Exercise description
Output nothing but the lines from the first line of the listing below through the line containing "Figure 1: The", printed exactly and free of pictures.
▬▬▬
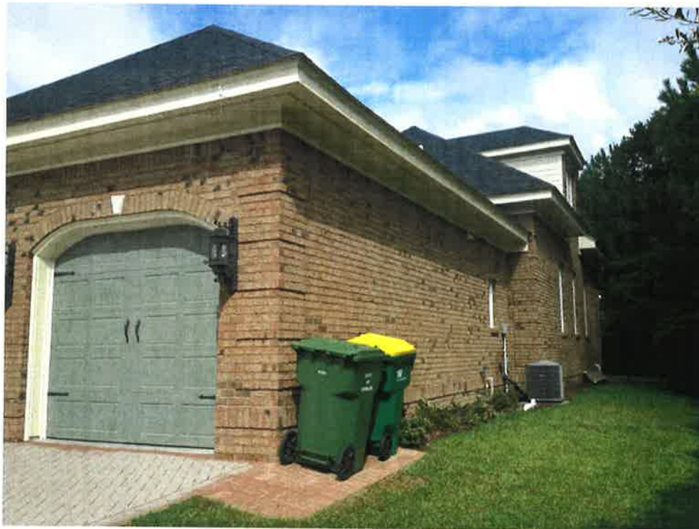
Rear View - 8-24-2012
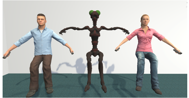
Figure 1: The avatars embodied during the experiment. Participants chose either the female (right) or male (left) depending on their own gender, and were also embodied in the non-human avatar (center). The avatars were scaled to the size of each participant.

It has been demonstrated that self-reports of interoceptive body awareness correlate with heartbeat perception scores in VR tasks [DWM*22]. Participants who exhibit lower body-awareness on self-perceived heart rate measurements also experience less ownership over a rubber hand [TTJC11]. While there is some evidence that body awareness is not disrupted by VR body-swap tasks [CHV*19], mindfulness meditators have reported lower agency during the rubber hand illusion [CMP*16]. The volitional aspect of self-regulation, measured in our study, has also been shown to benefit from, as well as support, mindfulness practice, with reports indicating greater agency in terms of both executive control [TI13] and motor control [NS12] for mindfulness meditators. Uncertainty around the influence of interoceptive body awareness on VR experiences demonstrated a gap in the literature which the study outlined here aimed to partially fill, through the use of the Multidimensional Assessment of Interoceptive Awareness (MAIA) [MPD*12].
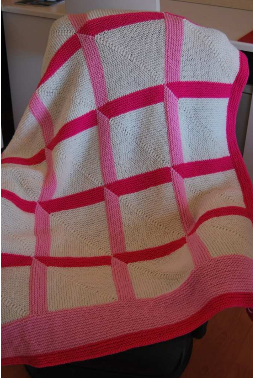
Depth Illusion Baby Blanket knitted in Garter Stitch

Try this pattern for my depth illusion baby blanket knitted in garter stitch. Although it is rated easy you will need to learn how to knit using two colours for the first 14 rows and how to pick up and knit stitches along the edges of your knitting.
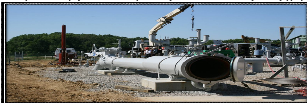
Figure 2. Pigging Pipeline

It mostly used for cleaning and batching operation, following are the operation and reason to implement pigging.
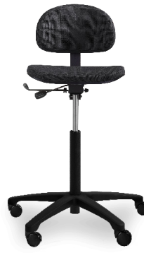
RH SUPPORT LIMPAN
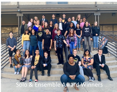
Solo & Ensemble Award Winners

The SHS Matador Chamber Choir recently had the opportunity to sing “O Fortuna” from Carmina Burana with the San Antonio Chamber Choir, YOSA, and seven other area high school choirs for a unique experience at the Tobin Center in San Antonio!
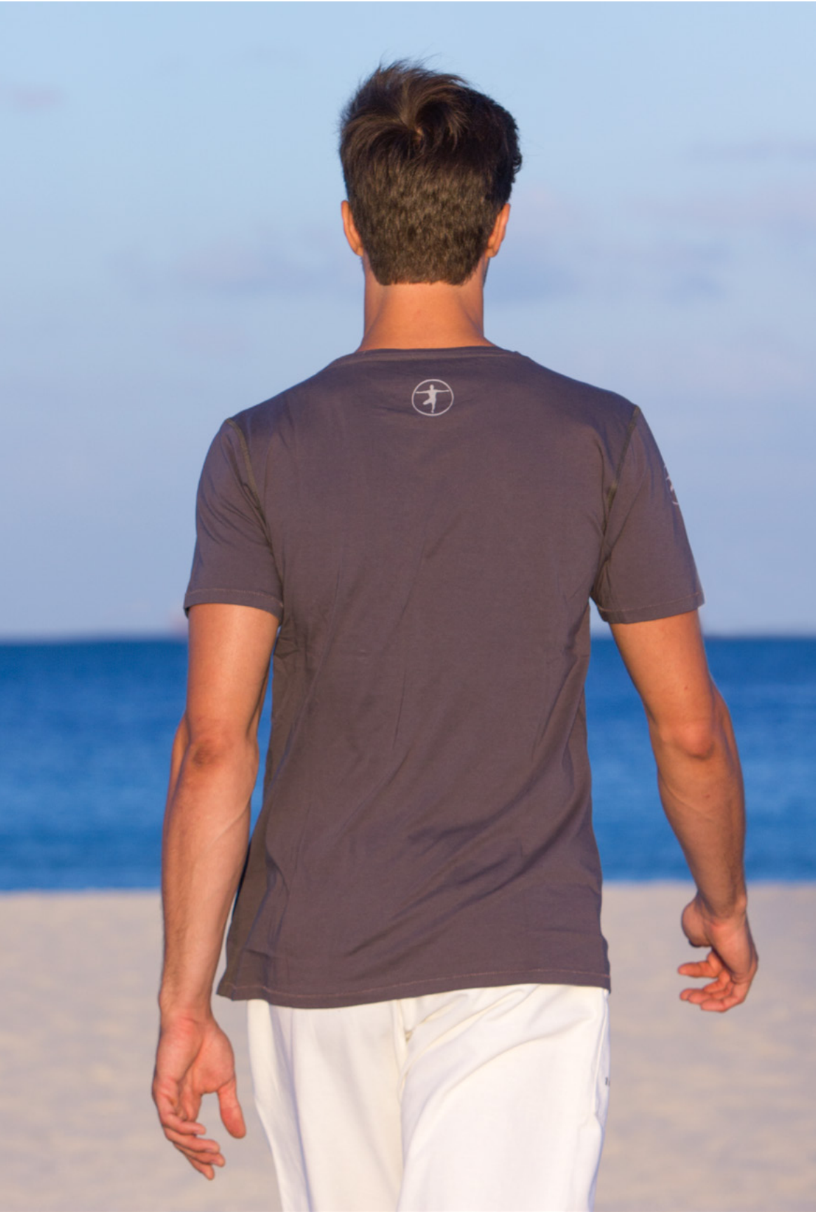
Organic Crew neck tee Full moon night # Y4780 910
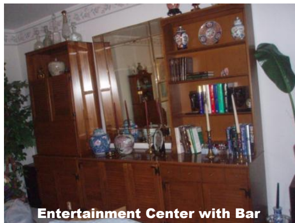
Entertainment Center with Bar
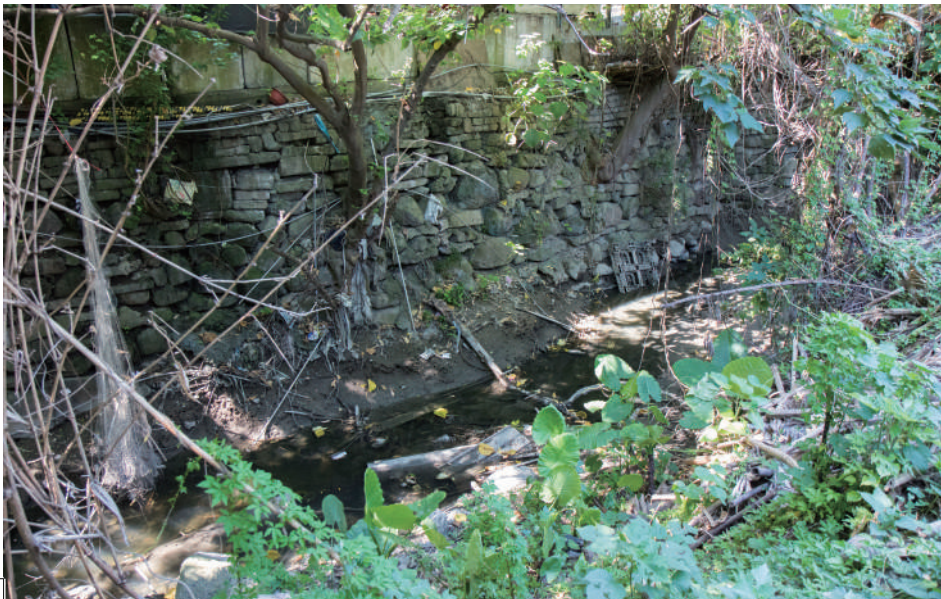
The old branch of Keelung River on the terrace
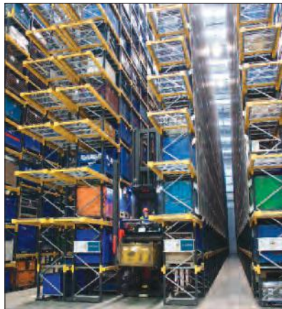
We have a wide range of pallet racking solutions to meet your operational needs, whatever your warehouse size.
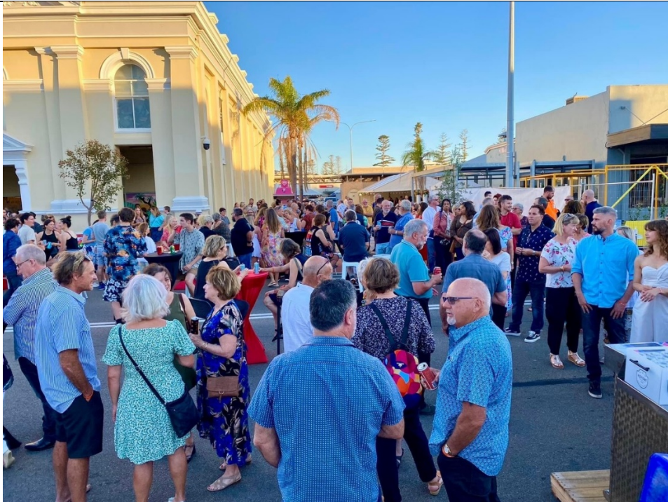
Mid West Art Prize, Gala Opening Night, 27 November
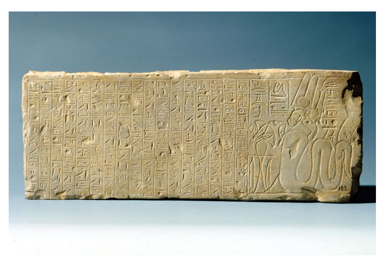
Figure 3. Neferabu stela (Turin CGT 50058) depicting Meretseger.

2443) record the obligation to menstruate ( lismn ) in the 'place of women' ( s ( t )- limt ). This phenomenon is not yet attested by archaeological evidence, but in the case of Deir el-Medina, this space would be outside the city, since a departure from it and the existence of three walls are mentioned (Wilfong 1999, 421–2). The lack of documentation of the practice of separating women during menstruation and, perhaps, childbirth does not imply that it was not common (Wilfong 1999, 428–9). Likewise, male relatives of menstruating women were to avoid working in tombs for the fear of contaminating those pure spaces (Pehal & Preininger Svobodová 2018, 116).
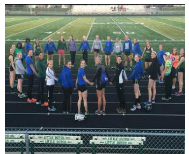
The team gathers on the football field after practice.
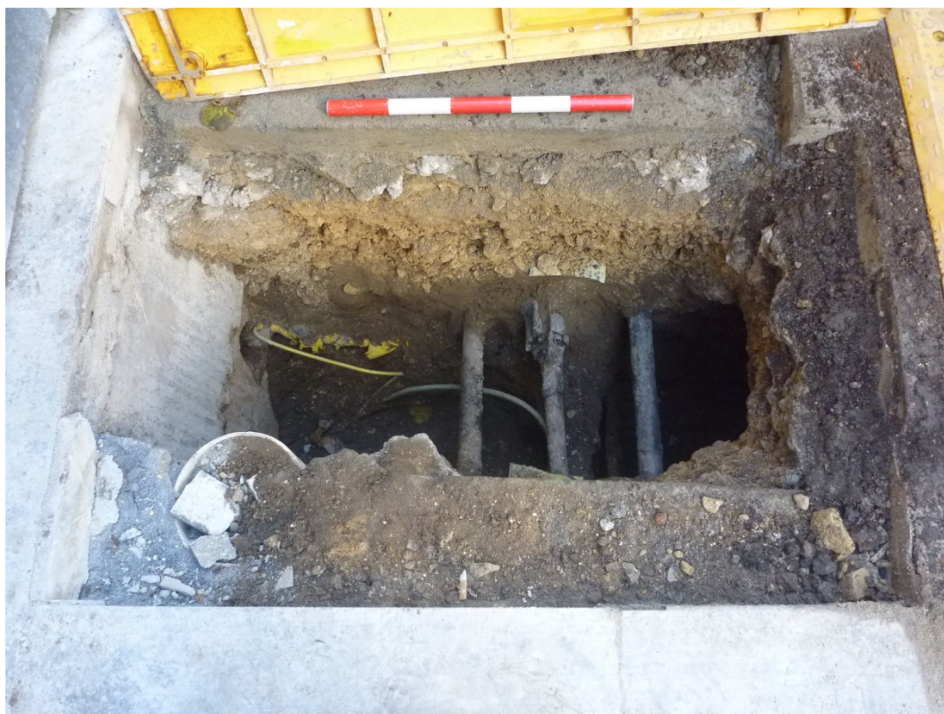
Plate 2 Trench 2, facing north, 0.1m scale units

c.1.0m wide and 0.9m deep. A small area of made ground between the two parts of the trench was tunnelled through, enabling a new section of pipe to be fed through and connected to the ceramic pipe. Several recently installed power and other utility cables were exposed. No archaeological deposits, structures or features were encountered (Plate 2).
▬▬▬
Written answer
Rear View - 8-24-2012
Figure 1: The avatars embodied during the experiment. Participants chose either the female (right) or male (left) depending on their own gender, and were also embodied in the non-human avatar (center). The avatars were scaled to the size of each participant.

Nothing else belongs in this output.